It's been almost one year since Charles and I committed our lives together in marriage. Cliche but, "It seems like just yesterday we were counting down the days, stressing over small details and anticipating the journey of marriage."
This might be mainly for my own ability to look back but I want to summarize some of our first year full of Firsts - our adventures, challenges, learnings..
ADVENTURES
We've made our first home together. I wasn't sure we were going to find something that fit our desires (near downtown, character, not a huge complex) within our price range, but we so did! It's tiny but enough. It has taken a while but it's got character now, it's us. It's been so fun to settle in, arrange, rearrange and decorate. It's been fun to get to know our neighbors a little, go on walks and pick out our favorite houses and walk to date night or breakfast. Monday mornings at Rialto are my favorite.
We took our first round of trips together.. Ones where we got to stay in hotels (or airbnb which we loved) together and have home away from home. We did: Vegas (twice), Seattle, Santa Barbara, Arrowhead, Portland and Seattle (again), Escondido, Big Bear, Hume Lake and Lake Isabella.
We camped! I've been pretty excited for the day I get to take camping trips with my husband. So far we've just done Big Bear twice. Year two needs an expansion in this area.
We've had our first round of holidays: festivities, traditions, birthdays, parties and family gatherings.
We've celebrated the marriage, engagement and baby arrival of friends. There's so much life and change that comes with this season and it's so fun to celebrate with my partner.
CHALLENGES / LEARNINGS:
Big Decisions: As we got home from our honeymoon Charles got an out of state job opportunity. While we were just beginning to settle into home, we had a lot to process. Was this where God was leading? Was this the right fit? What would leaving our friends and family so soon in our marriage be like? How do we make such a big decision together? We often disagreed and felt opposite in the process. We did a lot of asking for wisdom, talking it to death, fighting and praying. It was such a learning process for how to be united in our decision making. We had been making decisions independently for a long time and navigating how to agree, honor each other and move forward was tough.
Routine: What's alone time like? How do we navigate our own time with God? Routine was now so different and we had to figure out to have our own time with God, not to mention time together with God. We're still trying to figure the together piece out. Yes we both work in ministry but making time that is just about our relationship with God and not just planning or debriefing "work" or sharing updates on our time with other people has been challenging.
Balance: This might be the hardest part of our year. Between our work schedule, ministries we're involved in, late nights, pursuing quality time together, having alone time, time with friends and family, working out, groceries, laundry, and so on... balance has been tough. It's been tricky to navigate and it feels like it's been such a fast paced year. We've had to learn to be aware of our own needs for balance and to communicate them to each other. We've had to learn to make date night a weekly priority. We've had to learn where to say "no" and not feel guilty. Well, we're still learning all of this.

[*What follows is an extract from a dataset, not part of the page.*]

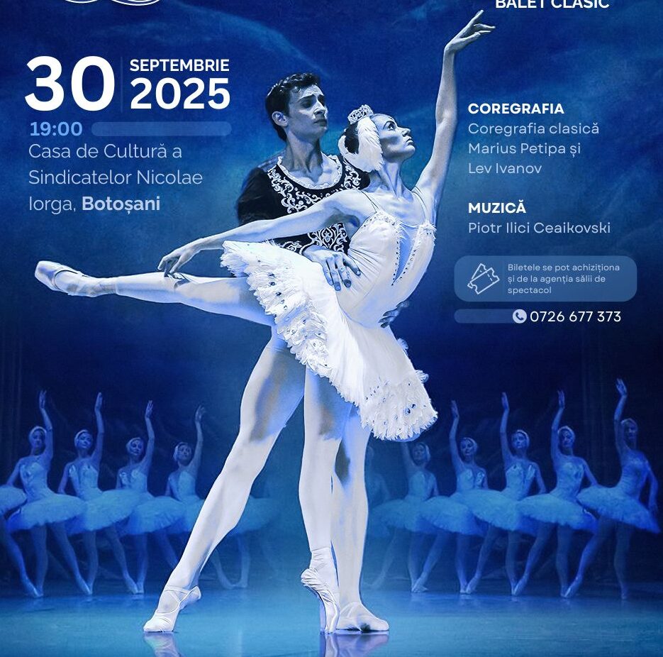 Pe 30 septembrie 2025, de la ora 19.00, la Casa de Cultură a Sindicatelor „Nicolae Iorga“, publicul botoșănean este invitat să se bucure de cel mai iubit balet al tuturor timpurilor: „Lacul Lebedelor“, prezentat în cadrul unui amplu turneu, de prestigioasa companie European Classical Ballet.

Togetherness: This has been my challenge. When we first started dating it took me a while to let my guard down and for us to be on the same page. There has been a whole new round of that in marriage. My tendency is to be very independent and rely on myself and that habit reared it's head in marriage. So in stress, exhaustion, fighting and frustration and our own different hurts with life this year, coming together has been challenging at many points.
I am loved by my husband: Maybe you are thinking, "well, obviously, he married you.." but it isn't always easy to receive. In my own brokenness, fears and independence (see above) I would often exclude myself from being loved well by him. I sometimes expect a poor response from him or reject a loving response because I know I can be pretty crappy and don't deserve his grace and love. Or do I? Do I give the same grace in response to his brokenness? I am learning to respond to our challenges and conflict out of love and not withhold grace from him when I'm hurt. All of this is a learning in my ability to be loved and receive grace from my creator. Do I know how truly loved I am? Do I love others the same way? I am learning and trying. Charles has been such a picture of God's love for me and in the moments I experience that love I am overwhelmed.
Some of our FAVORITES in year 1:
Walking to breakfast at Rialto
Dinner at Kentro
Coffee at Green Bliss
Finding new coffee shops
Running together (Ok, I don't love it so much in the moment)
Letting ourselves be lazy: sleeping in, a whole Sunday afternoon of Netflix...
Celebrating ministry, life change, and new opportunities together
Road trips and adventures to visit friends or explore new places
Going to bed and waking up together
Dreaming about what future life holds.
Life wouldn't be the same without all our people. We're so grateful for the community we have and the privilege of sharing life with so many people we love. Thank you for being a part of our journey.